■ **Entries provided**
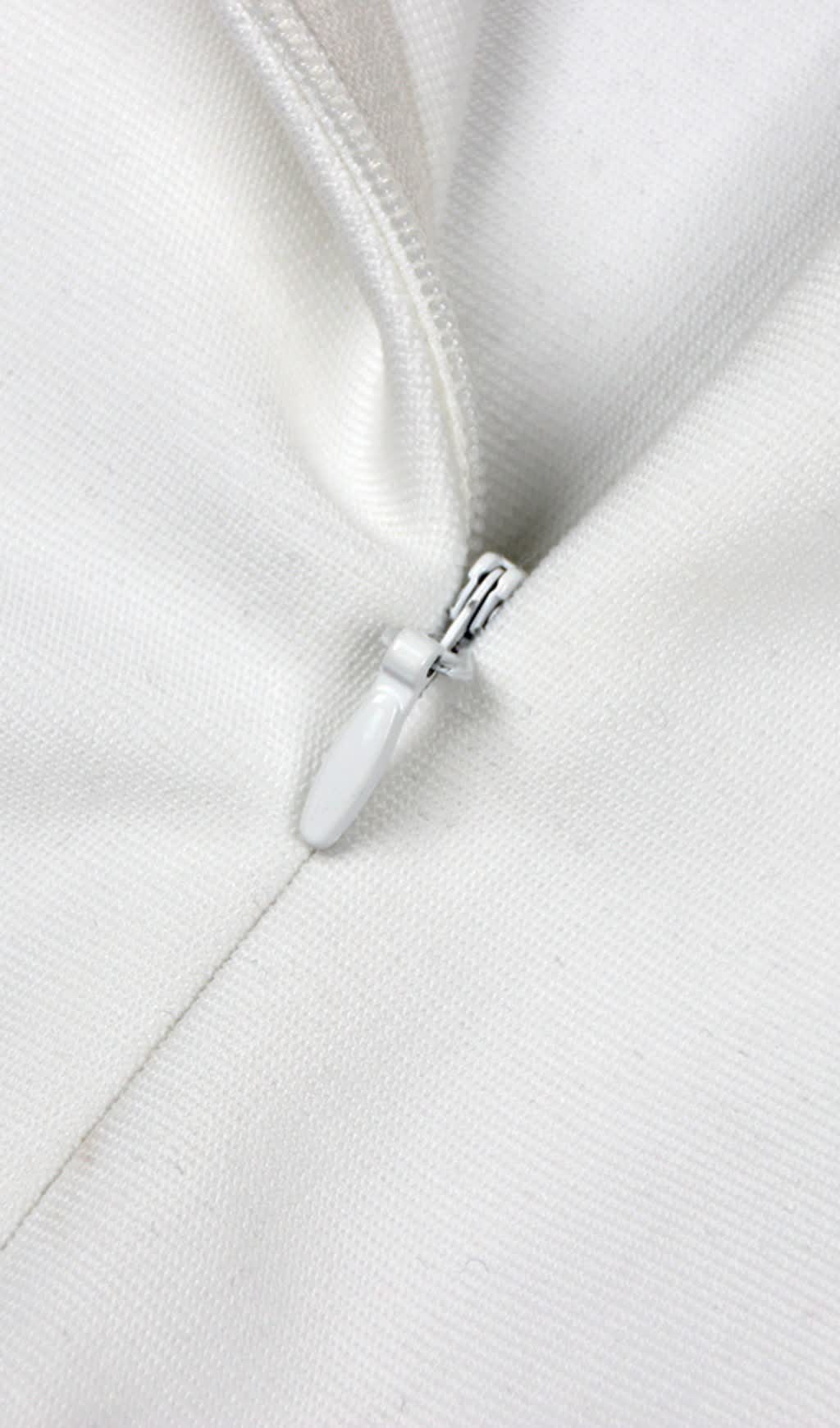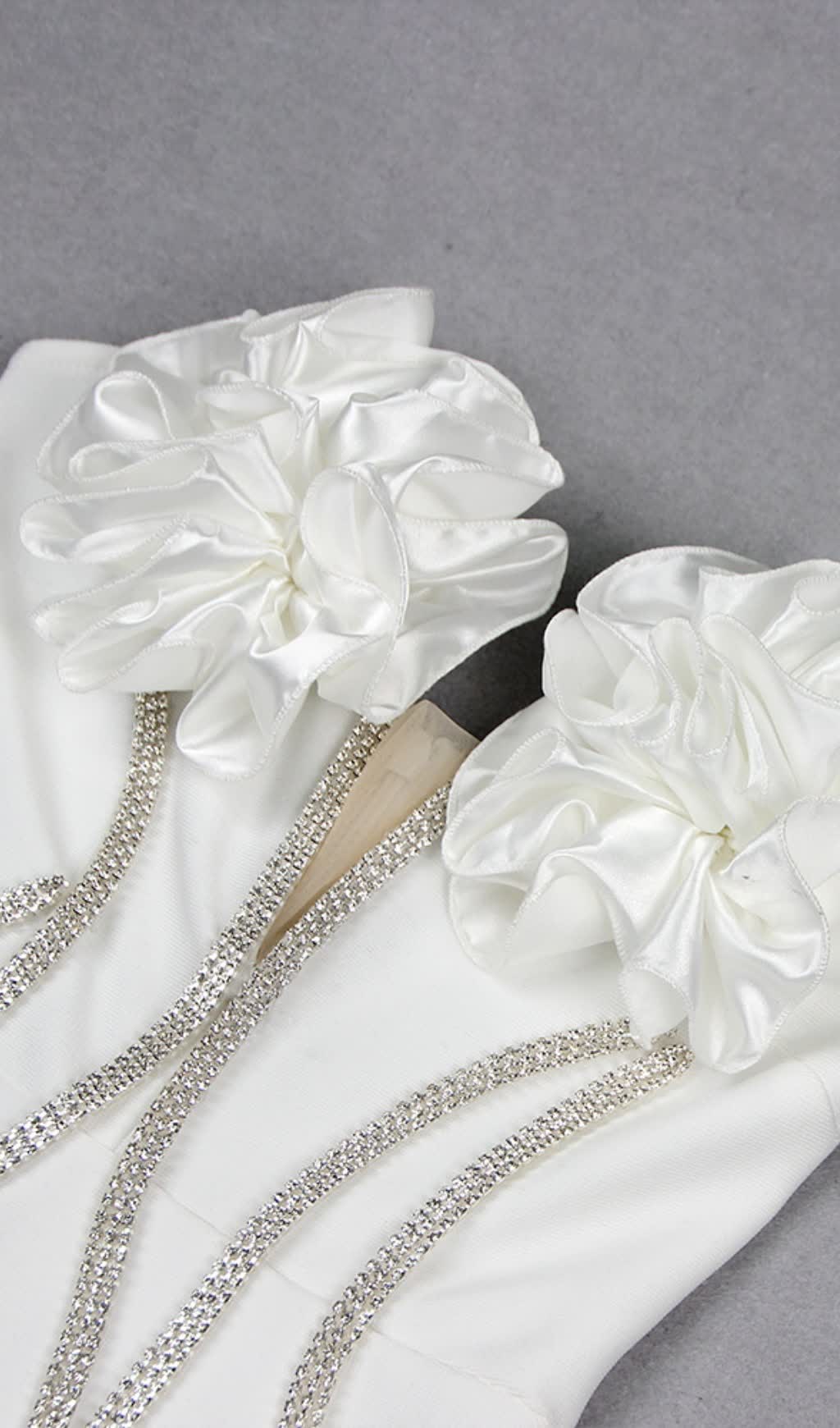 OFF SHOULDER FLOWER EMBELLISHED BODYCON GOWN IN WHITE
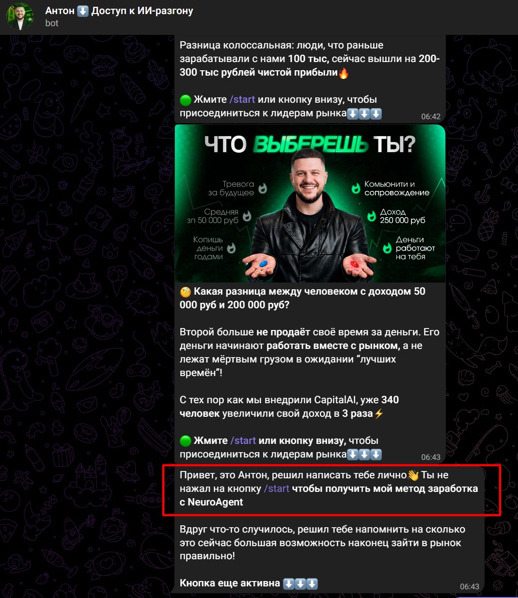 Полезного контента в канале мошенника Антона ИИ Разгон капитала нет. Периодически автор выкладывает небольшие заметки с обучающими материалами, но они не помогут читателю разобраться в трейдинге. Большую часть времени идет агрессивная реклама подключения к боту. В качестве доказательств Антон выкладывает скриншоты заработанных ROI, но доверять им не стоит, так как верифицированной отчетности по сделкам нет. Важный момент: если бы робот NeuroAgent давал такие потрясающие точки входа и тейки, что на нем можно было бы стабильно зарабатывать, к тому же иметь растущую кривую доходности, то Антону не было бы нужды рекламировать софт. Достаточно было бы открыть копитрейдинг на любой официальной бирже, клиенты набежали бы сами.
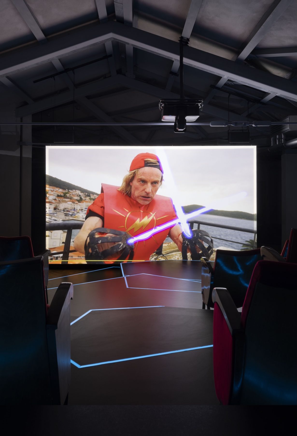 Housed in the blacked-out interior of Fondazione Prada’s penthouse gallery, with visitors guided by TRON-like blue luminescent floor-strips, are videos and video sculptures. The Island centres around an eponymous, madcap videowork, in which its comic protagonist, the avatar of Flash Gordon returned from the 1980s film (here hammed up winningly by German actor Mark Waschke) has appeared on the streets of the picturesque Croatian island town of Korčula, to ‘save the world’. The choice of Korčula links not only to the Croatian-born science-fiction historian Darko Suvin, whose recollections of his childhood during the Second World War intercut AI sequences and Flash’s adventures, but also to the story of a submerged but evidently manmade artificial island, dating to neolithic times, that was discovered offshore.
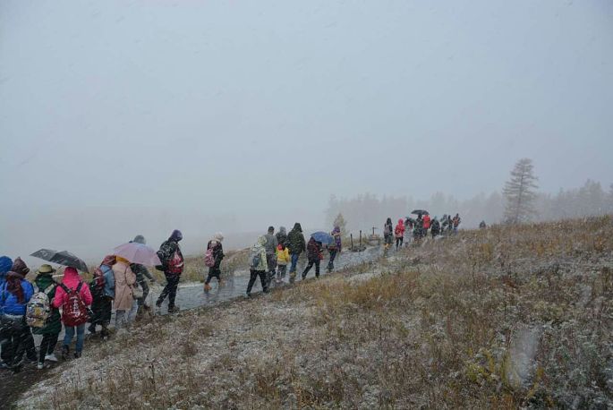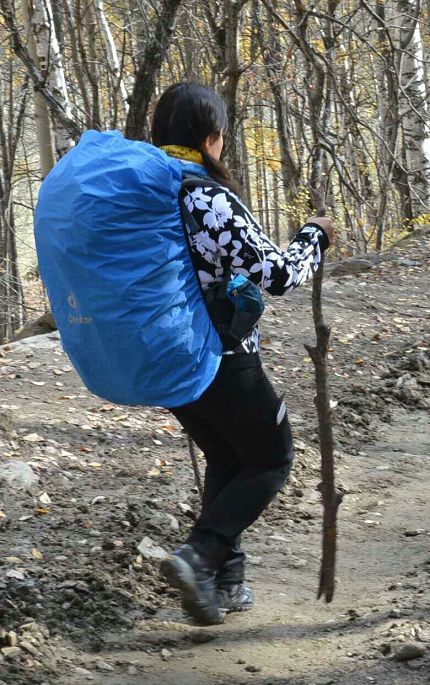 早上坐区间车到贾登峪,到了徒步起点,徒步开始,尽管已经把背包精简,但吃的喝的还有衣服,单反相机,也有十多斤重,28人的队伍,一开始是一起走的,比较整齐,走了几公里后,队伍就分成了三部分,拉开了几百米距离,专门派人押后作收容队,最后十公里,有五个队员实在走不动了,只能坐摩托车到禾木,其余24人包括领队小太阳都在晚上八点多顺利到达禾木,用时九小时完成了从喀纳斯到禾木的28公里徒步,实际有可能超30公里。
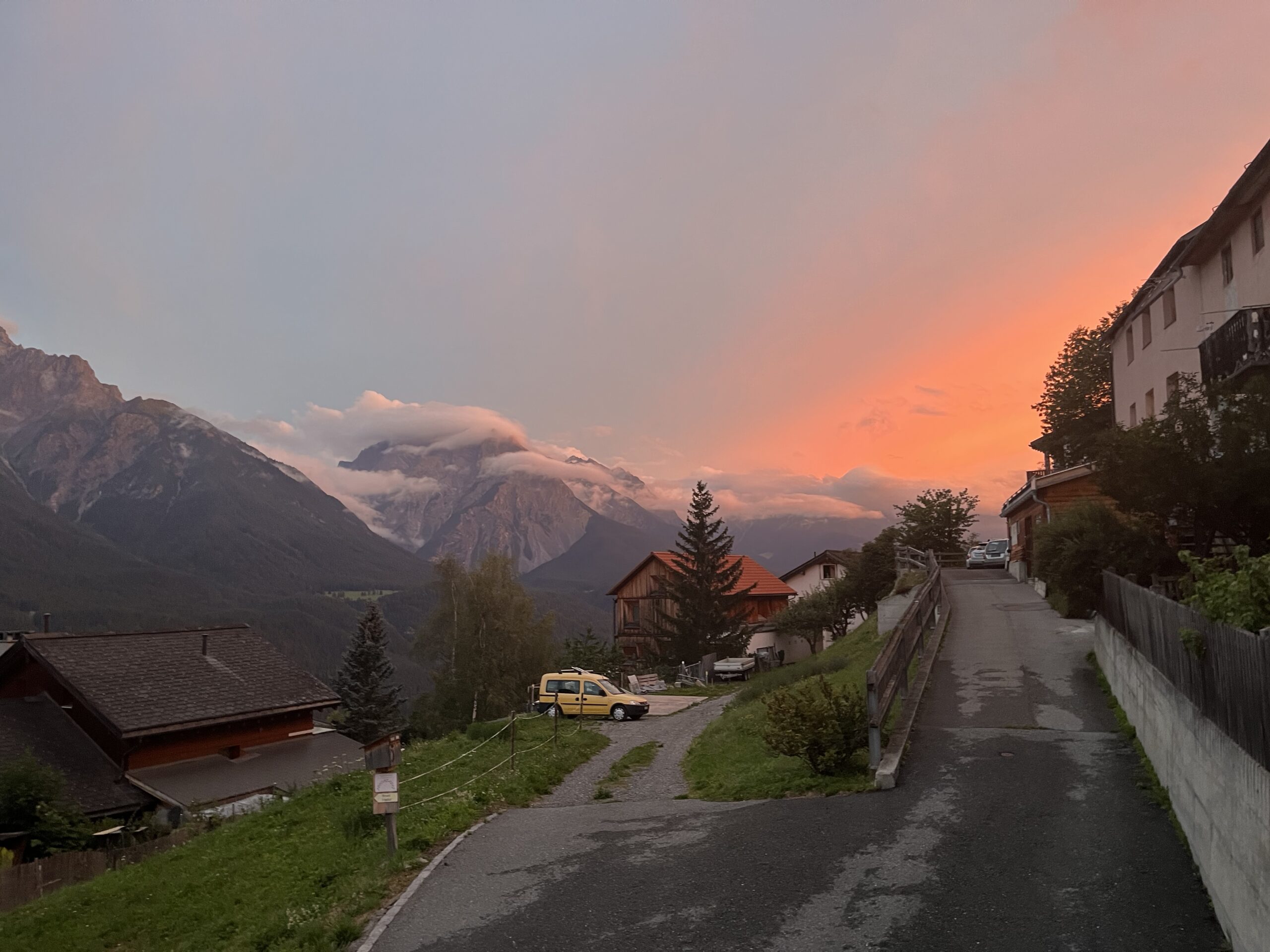 Die Sonne geht von Sent aus gesehen jeweils gegen das Oberengadin hin unter. Sonnenuntergänge sieht man von unserer Ferienwohnung her nicht direkt, aber man sieht, wie die letzten Sonnenstrahlen noch die Unterengadiner Berge beleuchten, bevor sie langsam erlöschen. Bei Abendrot sind ebenfalls die Auswirkungen zu sehen: Zum Beispiel die in allen Farben leuchtenden Schönwetterwolken. Eines Abends war es in den Sommerferien tatsächlich wieder mal so, dass ein besonders intensives Abendrot glühte. Ich konnte nicht umhin und fotografierte das Naturphänomen in…

■ **Assignment**
Transcribe the listing exactly, skipping pictures.

■ **Result of the task**
 OFF SHOULDER FLOWER EMBELLISHED BODYCON GOWN IN WHITE
 Полезного контента в канале мошенника Антона ИИ Разгон капитала нет. Периодически автор выкладывает небольшие заметки с обучающими материалами, но они не помогут читателю разобраться в трейдинге. Большую часть времени идет агрессивная реклама подключения к боту. В качестве доказательств Антон выкладывает скриншоты заработанных ROI, но доверять им не стоит, так как верифицированной отчетности по сделкам нет. Важный момент: если бы робот NeuroAgent давал такие потрясающие точки входа и тейки, что на нем можно было бы стабильно зарабатывать, к тому же иметь растущую кривую доходности, то Антону не было бы нужды рекламировать софт. Достаточно было бы открыть копитрейдинг на любой официальной бирже, клиенты набежали бы сами.
 Housed in the blacked-out interior of Fondazione Prada’s penthouse gallery, with visitors guided by TRON-like blue luminescent floor-strips, are videos and video sculptures. The Island centres around an eponymous, madcap videowork, in which its comic protagonist, the avatar of Flash Gordon returned from the 1980s film (here hammed up winningly by German actor Mark Waschke) has appeared on the streets of the picturesque Croatian island town of Korčula, to ‘save the world’. The choice of Korčula links not only to the Croatian-born science-fiction historian Darko Suvin, whose recollections of his childhood during the Second World War intercut AI sequences and Flash’s adventures, but also to the story of a submerged but evidently manmade artificial island, dating to neolithic times, that was discovered offshore.
 早上坐区间车到贾登峪,到了徒步起点,徒步开始,尽管已经把背包精简,但吃的喝的还有衣服,单反相机,也有十多斤重,28人的队伍,一开始是一起走的,比较整齐,走了几公里后,队伍就分成了三部分,拉开了几百米距离,专门派人押后作收容队,最后十公里,有五个队员实在走不动了,只能坐摩托车到禾木,其余24人包括领队小太阳都在晚上八点多顺利到达禾木,用时九小时完成了从喀纳斯到禾木的28公里徒步,实际有可能超30公里。
 Die Sonne geht von Sent aus gesehen jeweils gegen das Oberengadin hin unter. Sonnenuntergänge sieht man von unserer Ferienwohnung her nicht direkt, aber man sieht, wie die letzten Sonnenstrahlen noch die Unterengadiner Berge beleuchten, bevor sie langsam erlöschen. Bei Abendrot sind ebenfalls die Auswirkungen zu sehen: Zum Beispiel die in allen Farben leuchtenden Schönwetterwolken. Eines Abends war es in den Sommerferien tatsächlich wieder mal so, dass ein besonders intensives Abendrot glühte. Ich konnte nicht umhin und fotografierte das Naturphänomen in…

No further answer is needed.